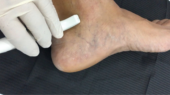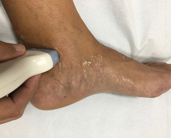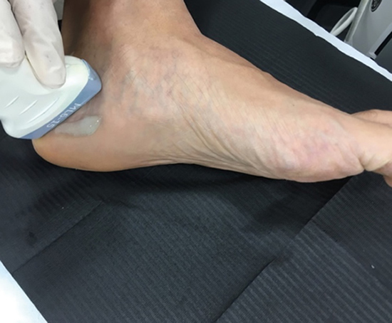 El uso de la ecografía tiene una efectividad del casi el 100 % como herramienta en la identificación del nervio tibial y sus ramas4. El nervio tibial, en el tercio distal de la pierna, se hace superficial por el túnel tibiotalar superior en su camino hacia la planta el pie3.
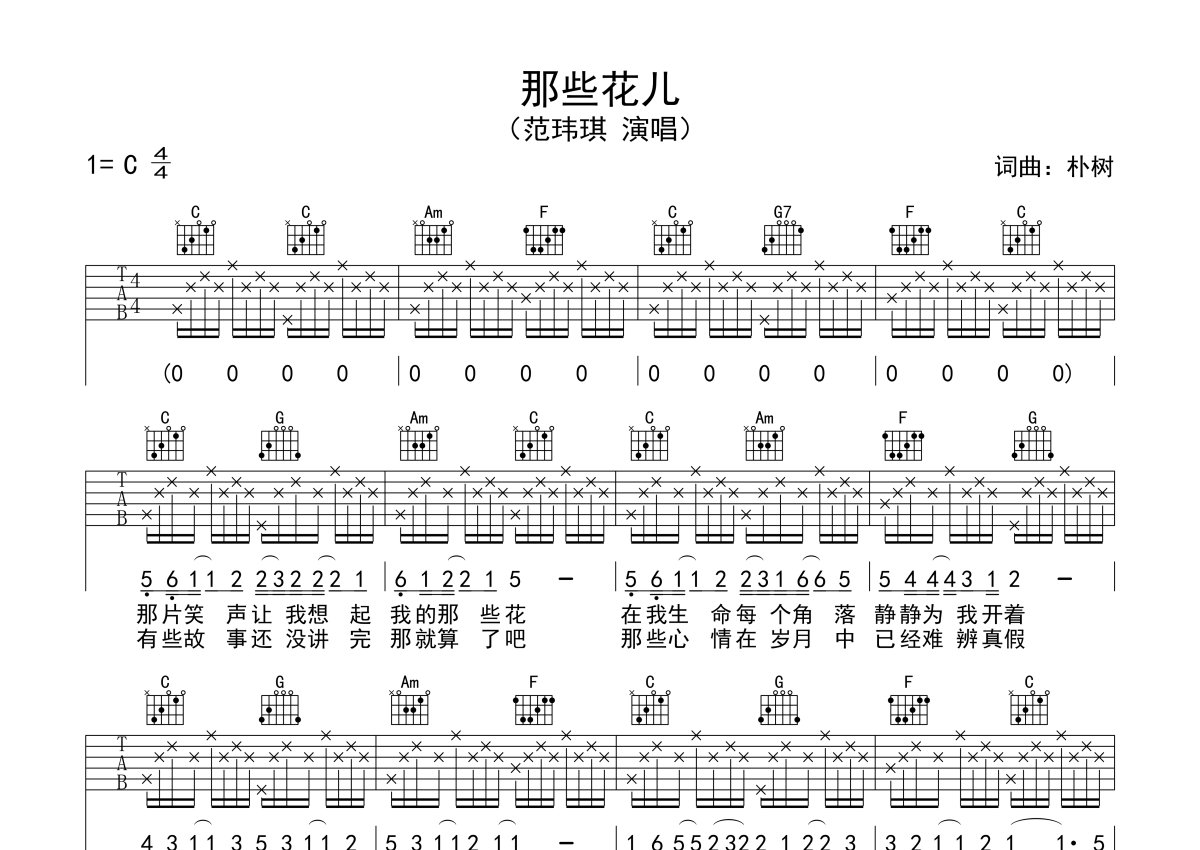 范玮琪/朴树《那些花儿》吉他谱 - C调弹唱六线谱
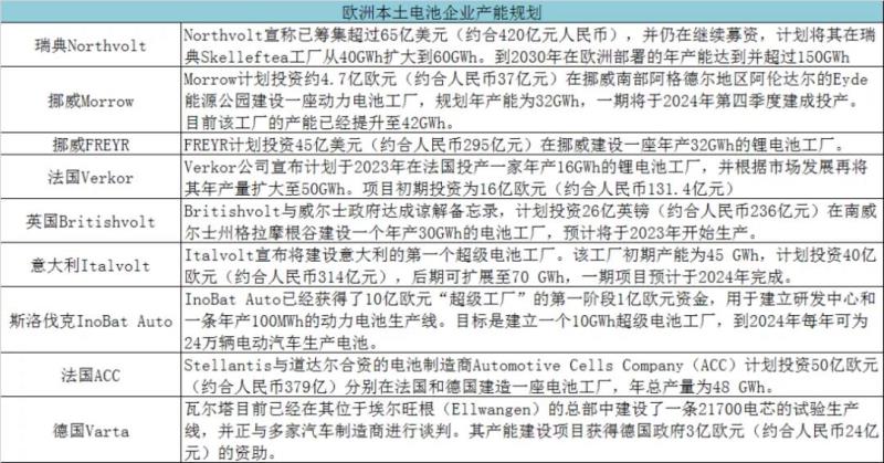 其中,該資助計(jì)劃向Northvolt、ACC等為代表的歐洲本土電池企業(yè)傾斜力度更大,表明歐盟對(duì)建立歐洲本土規(guī)模生產(chǎn)供應(yīng)能力的意愿更為強(qiáng)烈。
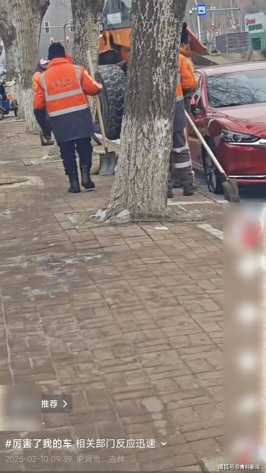 此前网友发布的多段视频显示,这些车辆车身覆盖着厚厚的灰褐色冰层,车底还挂着密密麻麻的冰凌,就像被裹上一层厚厚的“冰衣”,也有人称像被包浆了一样,有人拿来菜刀锤子等工具,试图去除这些冰层。10日上午,有车主更新的视频显示,车身的冰已被去除,并被擦洗干净,现场还有工人及铲车进行地面除冰作业。
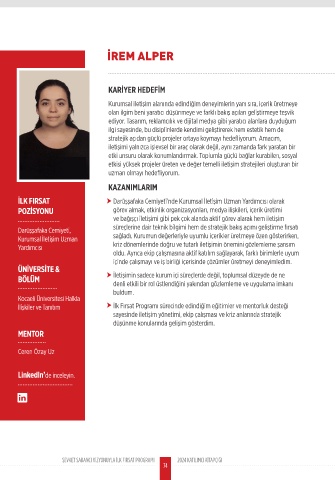 İlişkiler ve Tanıtım İlk Fırsat Programı sürecinde edindiğim eğitimler ve mentorluk desteği
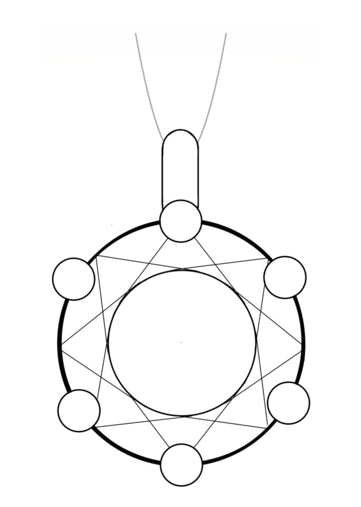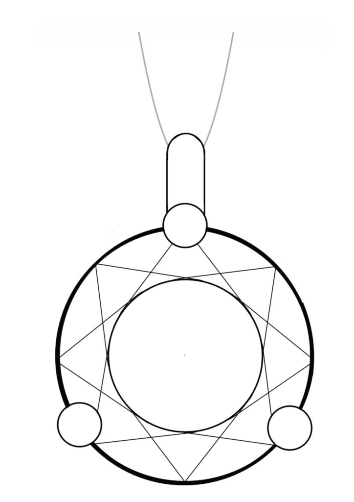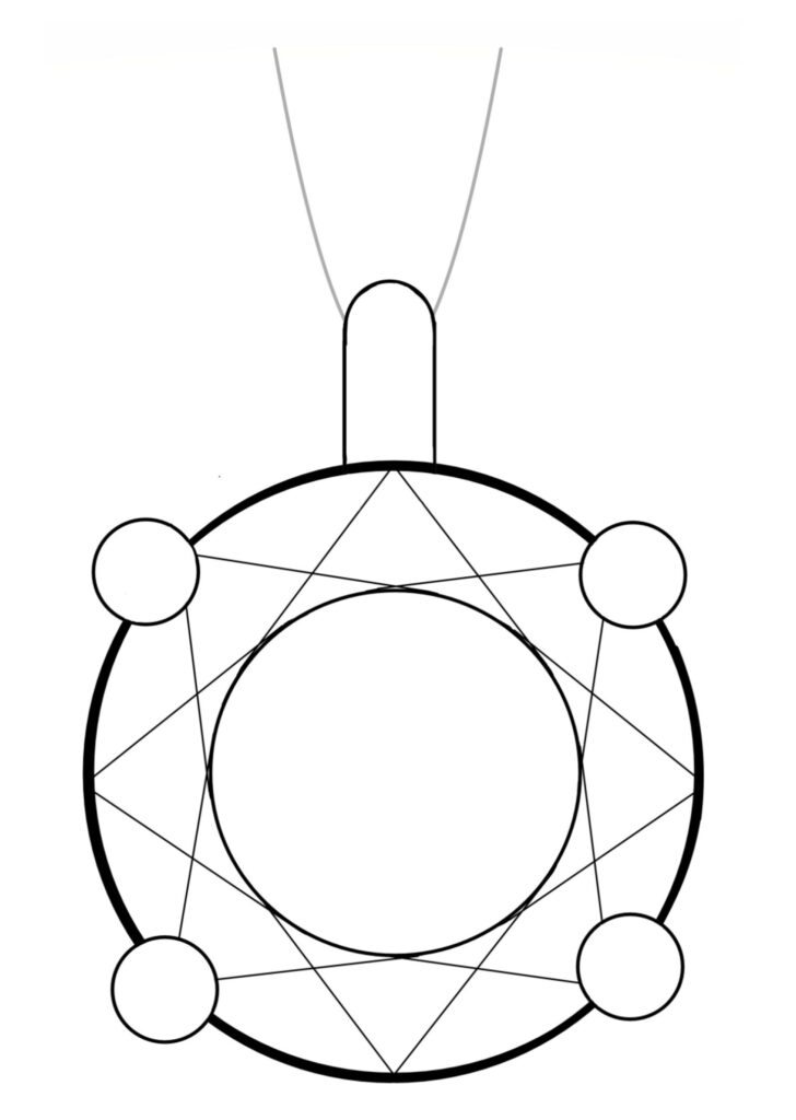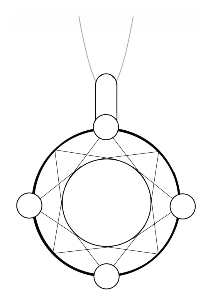 ◎4本爪チェーン直付・10時と2時の位置にチェーン直付けでネックレスに固定。短めのチェーンがオススメ。↓
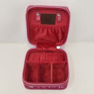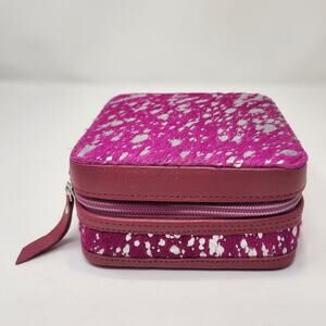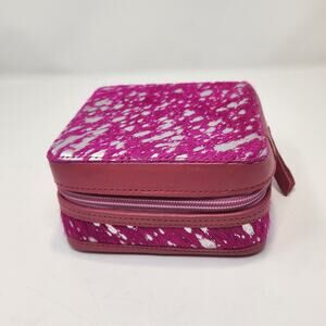 Western Linens Cowhide Leather Square Jewelry Case Box Pink Metallic Silver
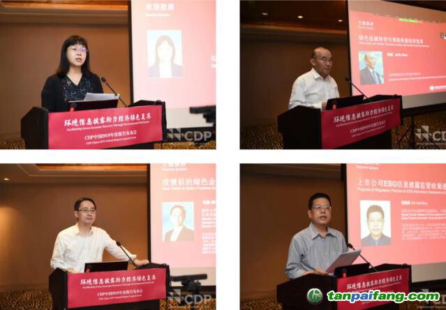以上圖片按順時針方向分別為:北京市地方金融監(jiān)督管理局副局長王穎歡迎致辭、生態(tài)環(huán)境部應(yīng)對氣候變化司副司長孫楨發(fā)表主題演講、清華大學(xué)金融與發(fā)展研究中心主任馬駿發(fā)表主題演講、證監(jiān)會中證金融研究院副院長馬險峰發(fā)表主題演講
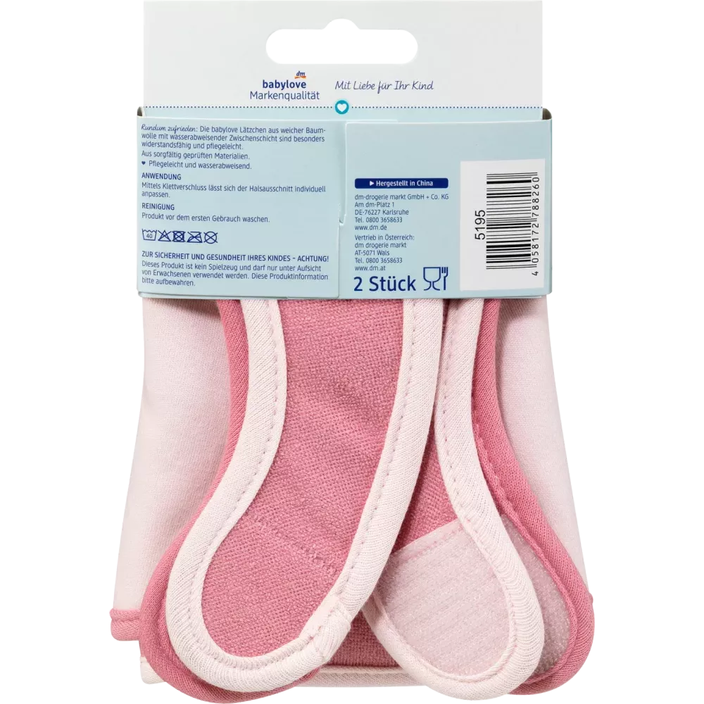 Dit babylove slabbetje van 2 is gemaakt van zacht katoen met een muismotief en heeft een waterafstotende tussenlaag, waardoor het bijzonder resistent en gemakkelijk te onderhouden is. Het is gemaakt van zorgvuldig geteste materialen en voldoet aan STANDARD 100 van OEKO-TEX. De babylove producten worden regelmatig gecontroleerd door erkende, onafhankelijke testinstituten.
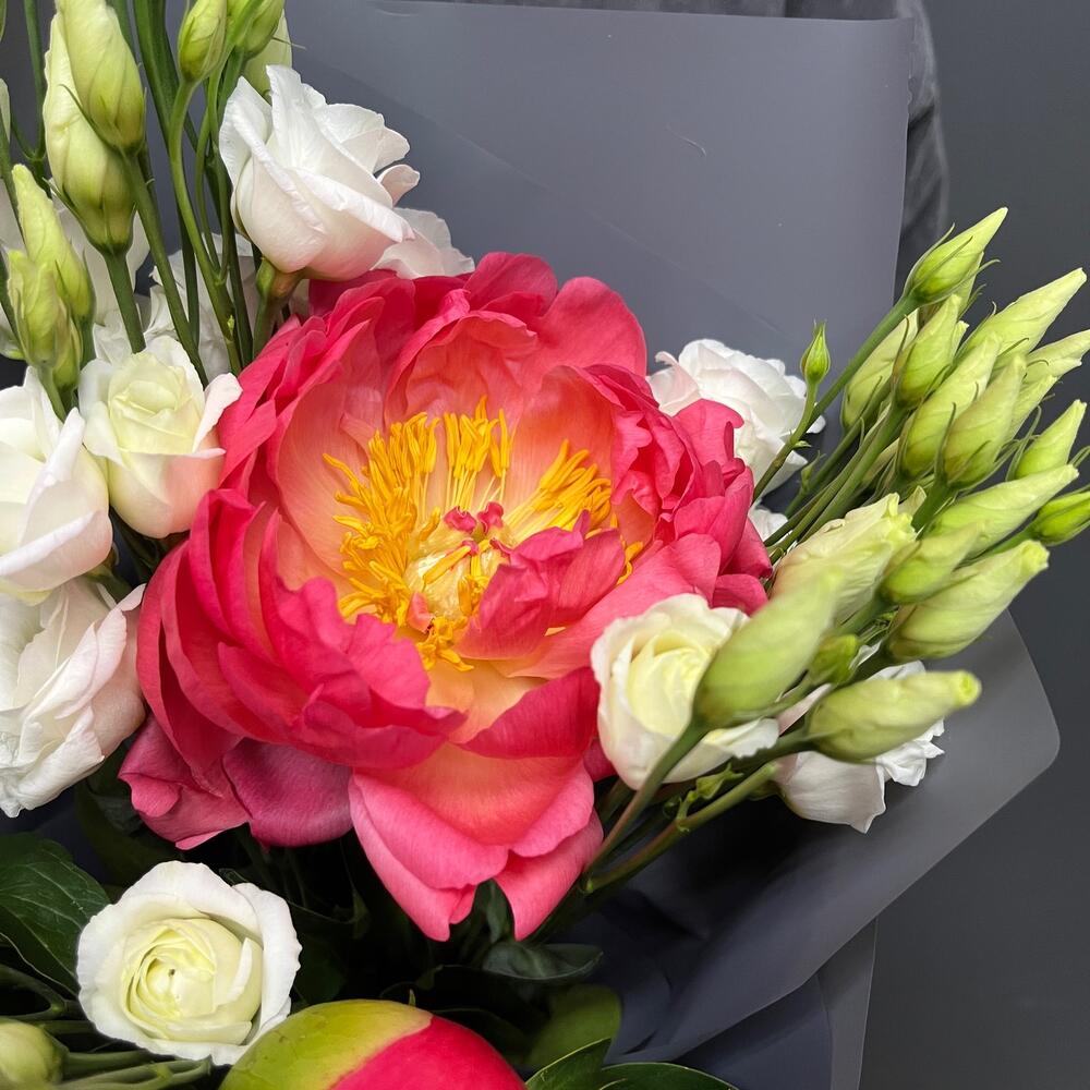 Лизиантус белый – 3 шт.Лента атласная белая – 1 шт.Упаковка корейская пленка – 1 шт.премиум пион Коралл шарм – 3 шт.
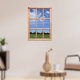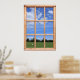 It's summertime and a beautiful day in the park with a blue sky of fluffy white clouds. Framed by a wood window frame, you can see the green of the park lined by trees, and in the foreground a sandy dog enjoying the wide open space that is a true dog heaven. Put it on the wall of your home or office for a fake window with your own park view.
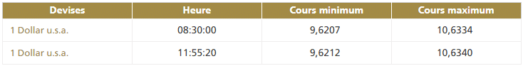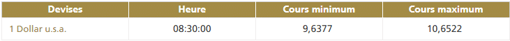 Ce mardi 18 février vers 8h30, la première cotation centrale USD/MAD de la journée, telle que publiée par Bank Al-Maghrib (BAM), fait ressortir la bande de fluctuation suivante :
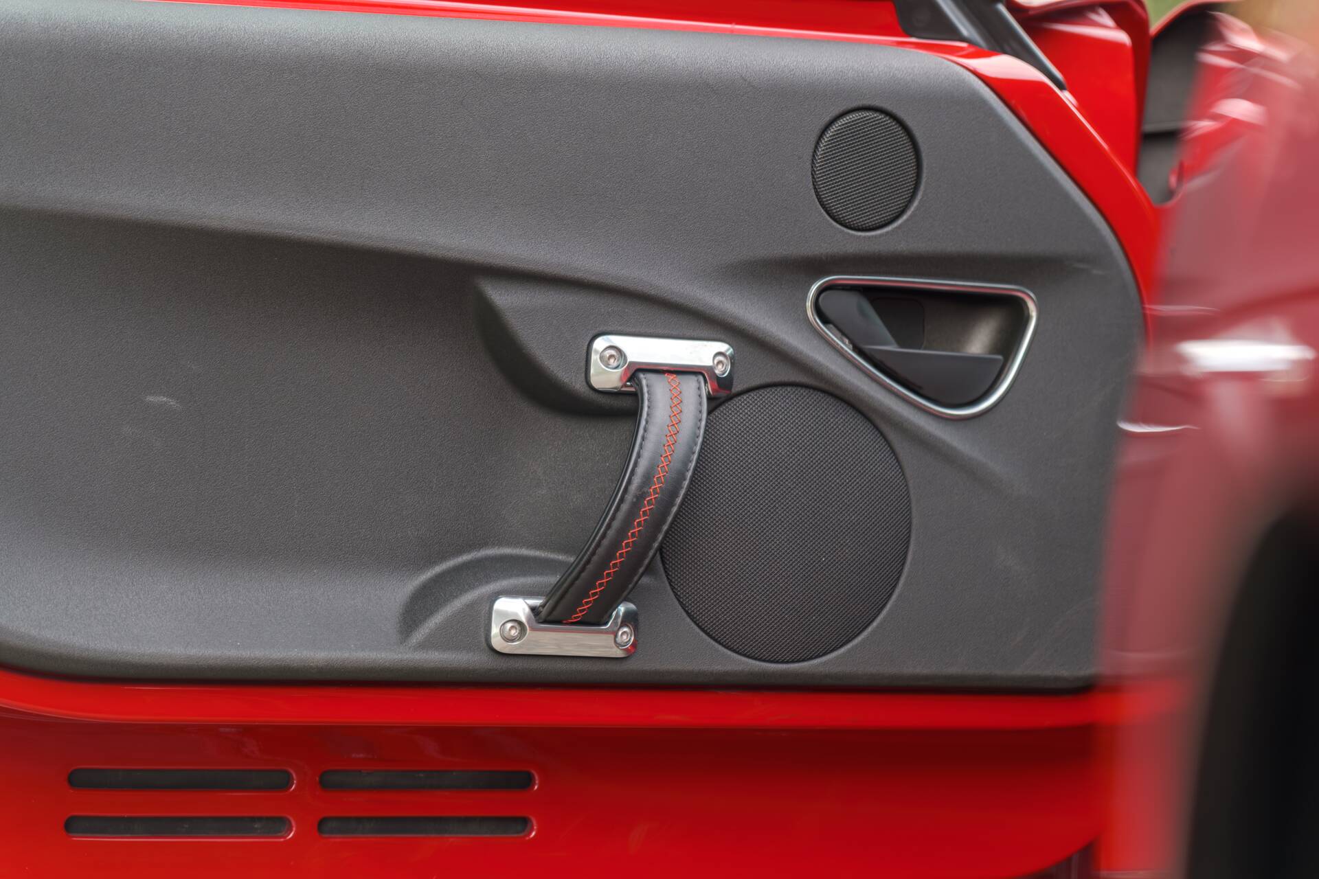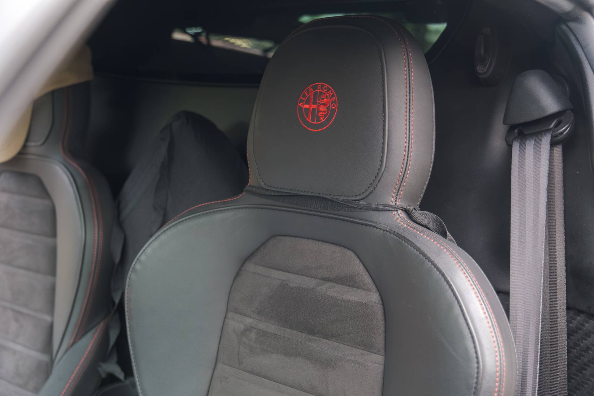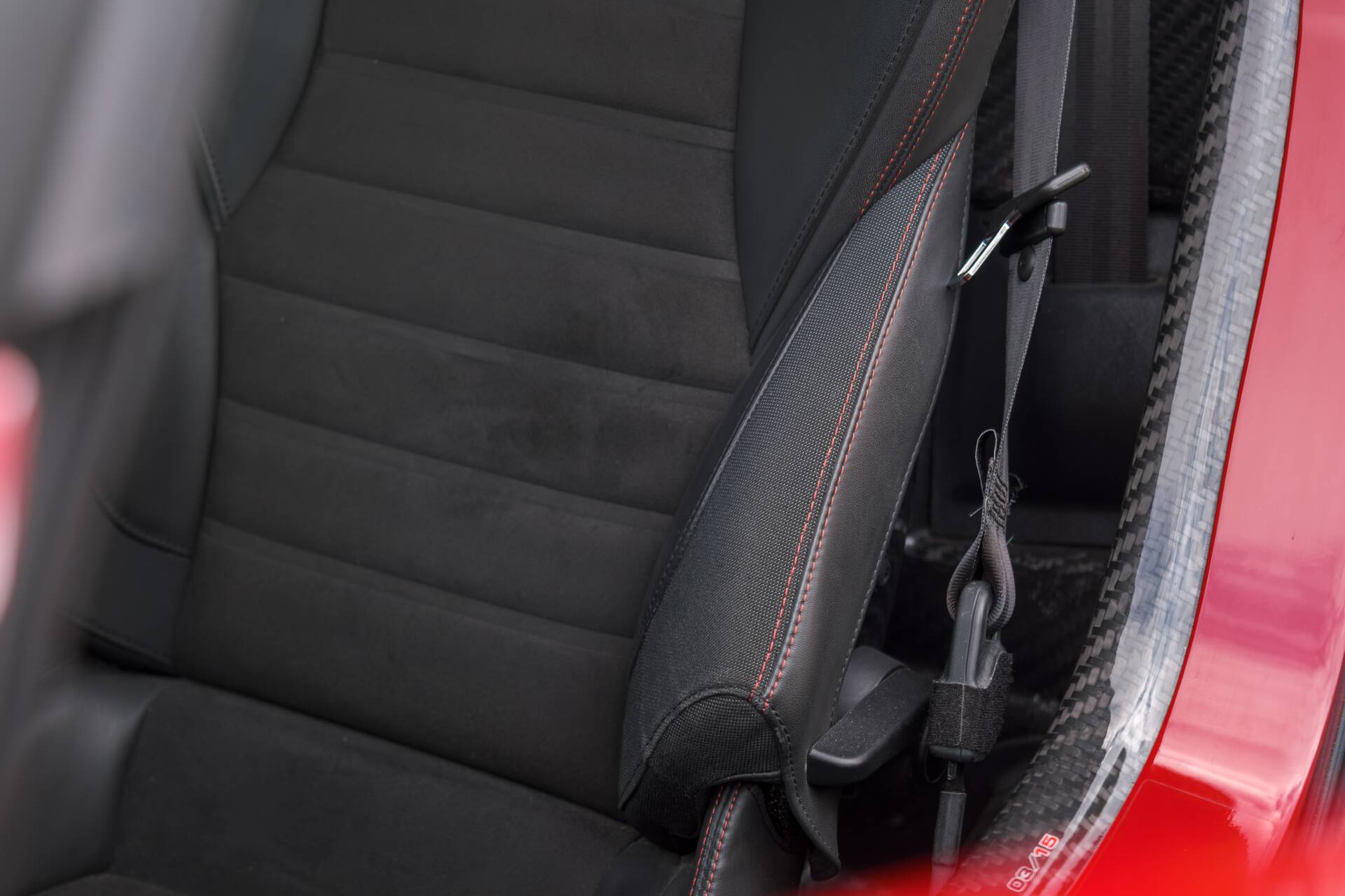 Interior con cuero, Alcantara y costuras rojas. Sin pantallas, sin artificios. Solo un habitáculo que grita: Condúceme – pero bien.
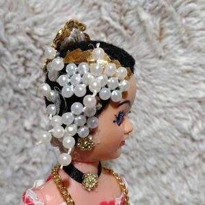 this doll is lovely , she has her own stand that her little shoes slide into , it is removable. there is a mark (scratch) on her cheek, see pics . there's a blue mark on her eyelid. she's only abt 7 inches tall but there's so much beauty packed into that 7 inches. she's just stunning. see all pictures for details. there may have been a pendant at the end of the necklace that's missing. I have other dolls in my closet, bundle and save $$$

##########

**WORK TO BE COMPLETED**
Beginning with the line that contains "范玮琪/朴树《那些花儿》吉他谱 - C调弹唱六线谱", write out the lines of the material above exactly, and end with the line that contains "此前网友发布的多段视频显示,这些车辆车身". Omit the pictures.

**SOLUTION TO THIS TASK**
 范玮琪/朴树《那些花儿》吉他谱 - C调弹唱六线谱
 其中,該資助計(jì)劃向Northvolt、ACC等為代表的歐洲本土電池企業(yè)傾斜力度更大,表明歐盟對(duì)建立歐洲本土規(guī)模生產(chǎn)供應(yīng)能力的意愿更為強(qiáng)烈。
 此前网友发布的多段视频显示,这些车辆车身覆盖着厚厚的灰褐色冰层,车底还挂着密密麻麻的冰凌,就像被裹上一层厚厚的“冰衣”,也有人称像被包浆了一样,有人拿来菜刀锤子等工具,试图去除这些冰层。10日上午,有车主更新的视频显示,车身的冰已被去除,并被擦洗干净,现场还有工人及铲车进行地面除冰作业。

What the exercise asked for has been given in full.